Этот странный гражданин порылся, в чужом ящике, нашел чистый
рецептурный бланк и мелким-мелким почерком написал следующий рецепт:
"Сто граммов водки вовнутрь перед обедом каждый день в течение месяца.
Если не поможет - курс лечения повторить. Будь здоров!"
Выдра прочитал рецепт, и до него вдруг дошло. Он понял, какому риску
подвергался в докторском кабинете. Дрожа, он вышел из поликлиники, купил
четвертушку, вернулся домой, отмерил сто грамм и впервые в жизни с
отвращением выпил, а потом закусил.

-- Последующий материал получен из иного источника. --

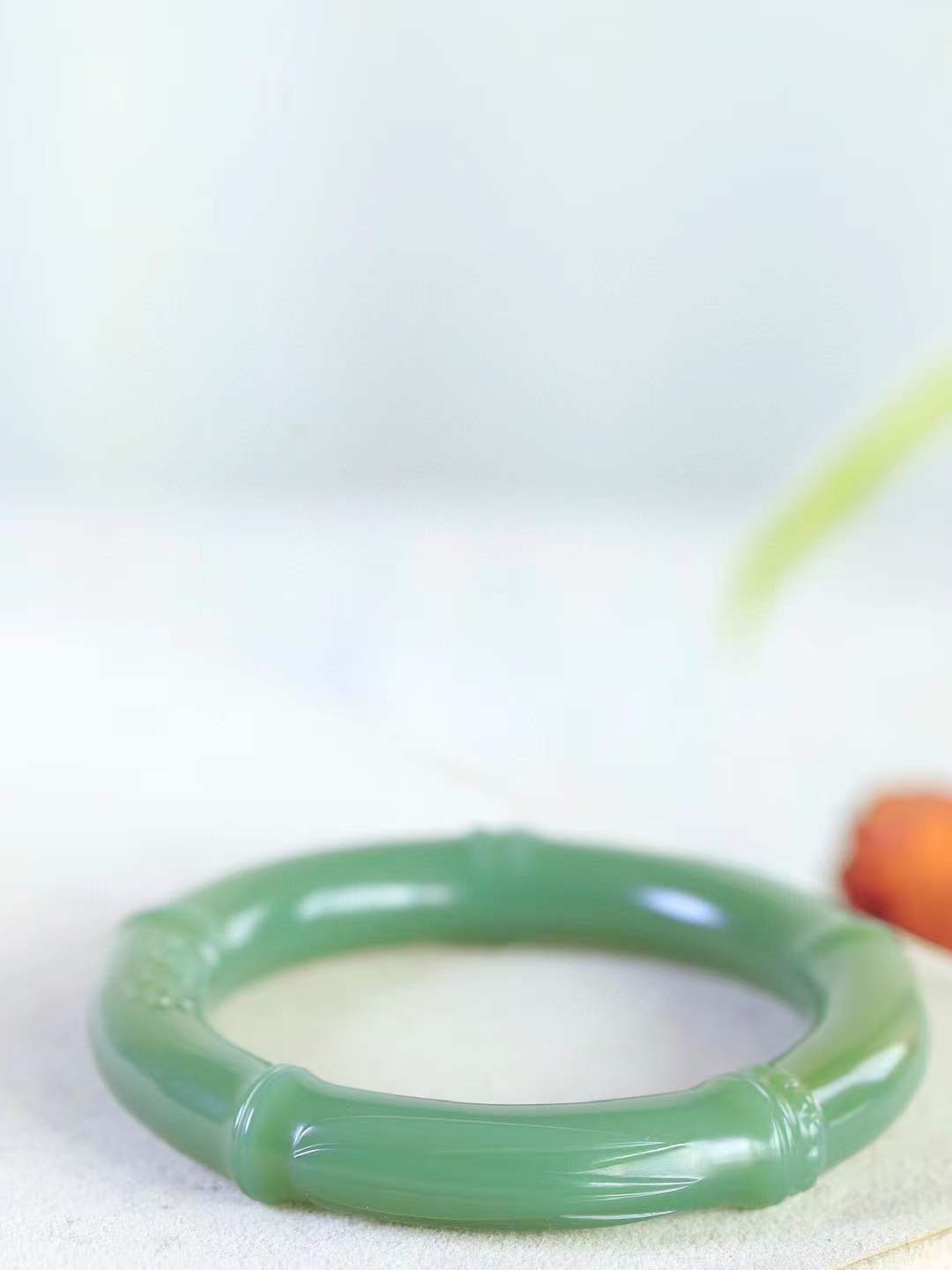 【节节高升.手镯】 精品和田玉碧玉竹手镯,玉质温润细腻,苏工精雕竹节,竹子品德高尚,生而有节,象

В этот день он впервые заснул без
снотворного, а через месяц, в точности выполняя предписание странного
гражданина, полностью выздоровел. Как видно, его внутренние органы,
работавшие всю жизнь вразнобой, объединились на основе выписанного
лекарства. С тех пор Выдра лечится каждый день, проводя активную
алкогольную пропаганду среди соратников по забиванию козла, хотя и
признает, что лет в восемьдесят, наверно, сопьется.
Смирный вежливо кивает Выдре.
Начинается настоящая игра.
Выдра в ударе. Он бьет от души, а Смирный пригибается над столом все
ниже и ниже, шевелит губами и пытается разгадать: что, где, у кого. Он
подозревает, что Выдра спекулирует и умышленно не отходит дублем-шесть и
что Михаил Борисович по простоте душевной его не зарубит.
Нордост в самом деле думает не о том. Теперь его мысли устремляются на
Смирного. Михаил Борисыч давно заметил, что Смирный всегда пытается узнать,
что делал в войну тот или иной человек, иначе он теряется и не понимает,
что за человек перед ним: бормочет какие-то междометия и двух слов связать
не может. Люди, родившиеся после войны, для Смирного как бы не существуют,
он не знает, о чем с ними говорить.
"Наверно, дело в том, - думает Нордост, - что Смирный был в плену, и с
тех пор он как бы контуженный на всю жизнь. Как он выжил - никогда не
рассказывает... Наверно, повезло, что был хорошим плотником... И смирным".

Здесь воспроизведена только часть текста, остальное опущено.